Step 1: Expand the Products
- (3x^2-2x+1)(x^2+2x+3)
- This is a product of two trinomials. We will use the distributive property (or FOIL method) to expand it.
- 3x^2 * (x^2 + 2x + 3) = 3x^4 + 6x^3 + 9x^2
- -2x * (x^2 + 2x + 3) = -2x^3 - 4x^2 - 6x
- 1 * (x^2 + 2x + 3) = x^2 + 2x + 3
- -4x(x^2-1)
- We distribute the -4x to both terms inside the parenthesis.
- -4x * x^2 = -4x^3
- -4x * -1 = 4x
- -3x^2(x^2+2)
- Distribute -3x^2 to both terms inside the parenthesis.
- -3x^2 * x^2 = -3x^4
- -3x^2 * 2 = -6x^2
Step 2: Combine Like Terms
Now that we have expanded all the products, we need to combine terms with the same variable and exponent.
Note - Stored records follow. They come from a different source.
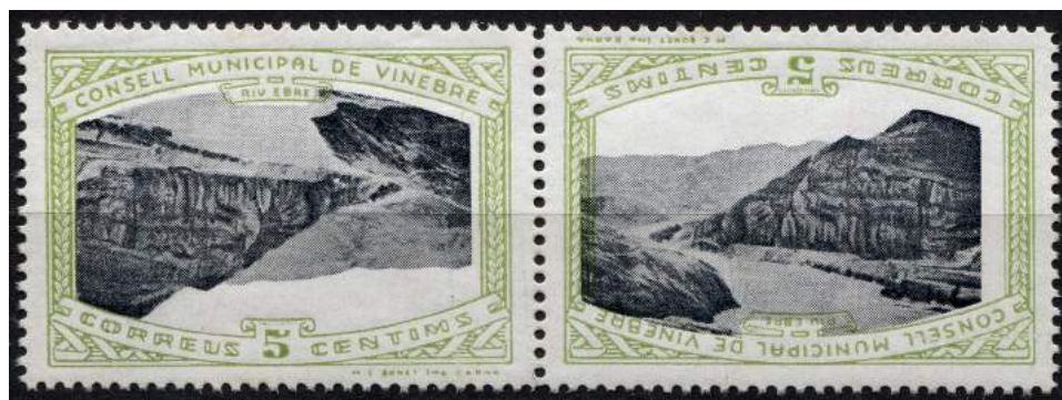
7 (Allepuz 2aii) Pareja capicúa
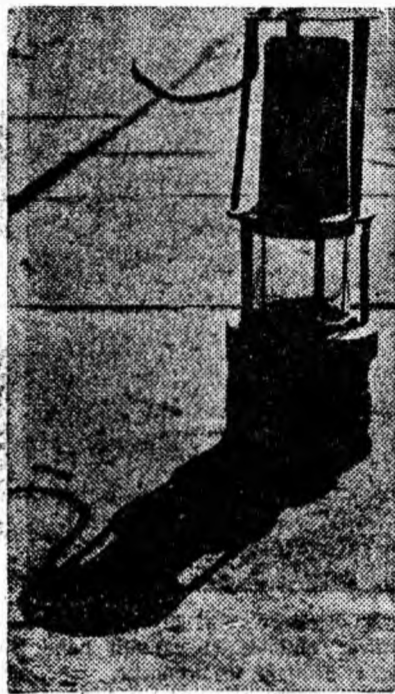
Călușă și prietena minerului.
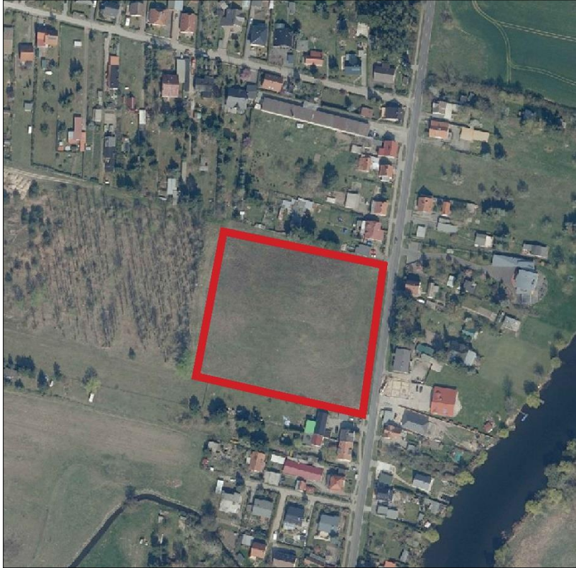
Abbildung 1: Lage des Geltungsbereiches zur bebauten Umgebung. Das nördliche, östliche und südliche Umfeld des Geltungsbereiches ist durch Wohnbebauung geprägt. Das Plangebiet stellt einen Lückenschluss innerhalb des bebauten Siedlungskörpers dar.; Basis Luftbild Brandenburgviewer 11/2021 (ohne Maßstab)

Die Brandenburgische Bauordnung (BbgBO) wird beachtet.

- x^4 terms: 3x^4 - 3x^4 = 0
- x^3 terms: 6x^3 - 2x^3 - 4x^3 = 0
- x^2 terms: 9x^2 - 4x^2 + x^2 - 6x^2 = 0
- x terms: -6x + 4x = -2x
- Constant term: 3
Final Result
After combining like terms, the simplified expression is:
-2x + 3
Therefore, the simplified form of the original expression is -2x + 3.